The poet had this very Shanghai in mind when he wrote that. But stop. There he rings out again, ten times richer, fuller, longer, more obstreperously exulting than before! In fact, that bell ought to be taken down, and this Shanghai put in its place. Such a crow would jollify all London, from Mile-End (which is no end) to Primrose Hill (where there ain’t any primroses), and scatter the fog.
Well, I have an appetite for my breakfast this morning, if I have not had it for a week before. I meant to have only tea and toast; but I’ll have coffee and eggs—no, brown stout and a beefsteak. I want something hearty. Ah, here comes the down-train: white cars, flashing through the trees like a vein of silver. How cheerfully the steam-pipe chirps! Gay are the passengers. There waves a handkerchief—going down to the city to eat oysters, and see their friends, and drop in at the circus. Look at the mist yonder; what soft curls and undulations round the hills, and the sun weaving his rays among them. See the azure smoke of the village, like the azure tester over a bridal-bed. How bright the country looks there where the river overflowed the meadows. The old grass has to knock under to the new. Well, I feel the better for this walk. Home now, and walk into that steak and crack that bottle of brown stout; and by the time that’s drank—a quart of stout—by that time, I shall feel about as stout as Samson. Come to think of it, that dun may call, though. I’ll just visit the woods and cut a club. I’ll club him, by Jove, if he duns me this day.
Hark! there goes Shanghai again. Shanghai says, “Bravo!” Shanghai says, “Club him!”
Oh, brave cock!
I felt in rare spirits the whole morning. The dun called about eleven. I had the boy Jake send the dun up. I was reading Tristram Shandy, and could not go down under the circumstances. The lean rascal (a lean farmer, too—think of that!) entered, and found me seated in an armchair, with my feet on the table, and the second bottle of brown stout handy, and the book under eye.
“Sit down,” said I, “I’ll finish this chapter, and then attend to you. Fine morning. Ha! ha!—this is a fine joke about my Uncle Toby and the Widow Wadman! Ha! ha! ha! let me read this to you.”
“I have no time; I’ve got my noon chores to do.”

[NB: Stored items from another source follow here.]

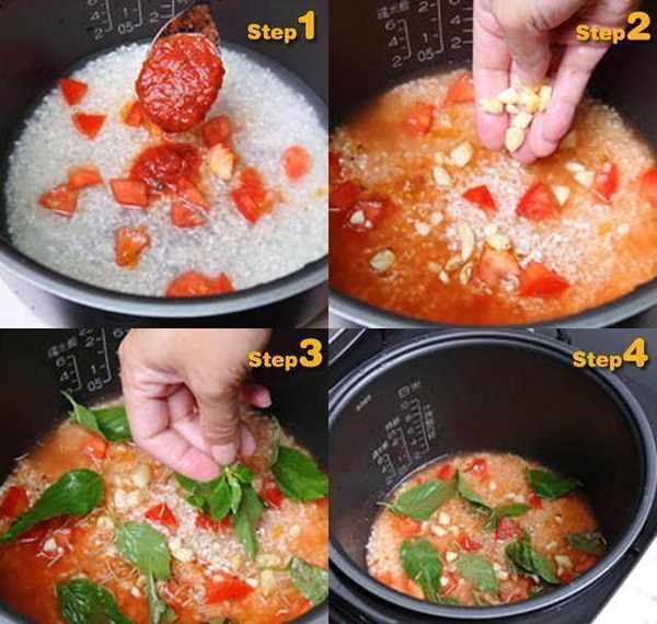 白米120g、牛番茄1颗、罗勒叶5片、蒜末10g
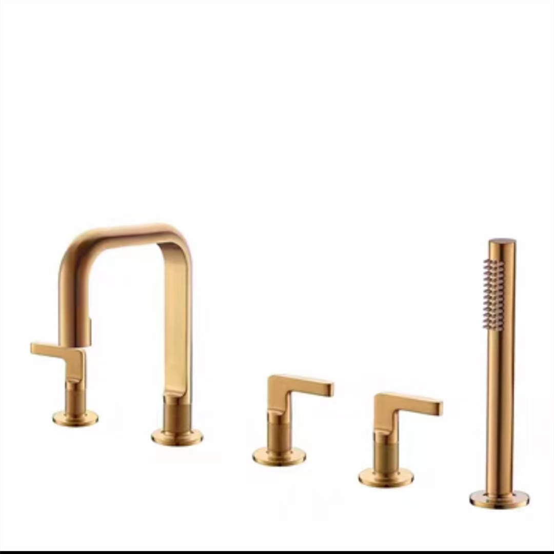 • 브러시드 골드 5홀 욕조 수전
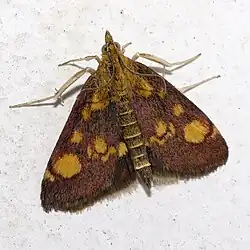 Pyrausta aurata has a wingspan of 18–20 millimetres (0.7–0.8 in).[7] The forewings are purplish-brown with golden yellow markings.[7] The number and intensity of these markings is quite variable. Usually in the forewings there is a single postmedian round golden spot near the costa, often with some other minor golden spots.[8][9] The yellow spots can also be greatly reduced up to complete absence. Sometimes there is an almost indistinct wavy golden postmedian line between the dorsum and the main golden spot.[8][9] The hindwings are dark brown or also black with a broad yellow transverse band approximately in the wing center and without additional spot closer to the basal area.

“To the deuce with your chores!” said I. “Don’t drop your old tobacco about here, or I’ll turn you out.”
“Sir!”
“Let me read you this about the Widow Wadman. Said the Widow Wadman—”
“There’s my bill, sir.”
“Very good. Just twist it up, will you—it’s about my smoking-time; and hand a coal, will you, from the hearth yonder!”
“My bill, sir!” said the rascal, turning pale with rage and amazement at my unwonted air (formerly I had always dodged him with a pale face), but too prudent as yet to betray the extremity of his astonishment. “My bill, sir”—and he stiffly poked it at me.
“My friend,” said I, “what a charming morning! How sweet the country looks! Pray, did you hear that extraordinary cockcrow this morning? Take a glass of my stout!”
“Yours? First pay your debts before you offer folks your stout!”
“You think, then, that, properly speaking, I have no stout,” said I, deliberately rising. “I’ll undeceive you. I’ll show you stout of a superior brand to Barclay and Perkins.”
Without more ado, I seized that insolent dun by the slack of his coat—(and, being a lean, shad-bellied wretch, there was plenty of slack to it)—I seized him that way, tied him with a sailor-knot, and, thrusting his bill between his teeth, introduced him to the open country lying round about my place of abode.
“Jake,” said I, “you’ll find a sack of bluenosed potatoes lying under the shed. Drag it here, and pelt this pauper away; he’s been begging pence of me, and I know he can work, but he’s lazy. Pelt him away, Jake!”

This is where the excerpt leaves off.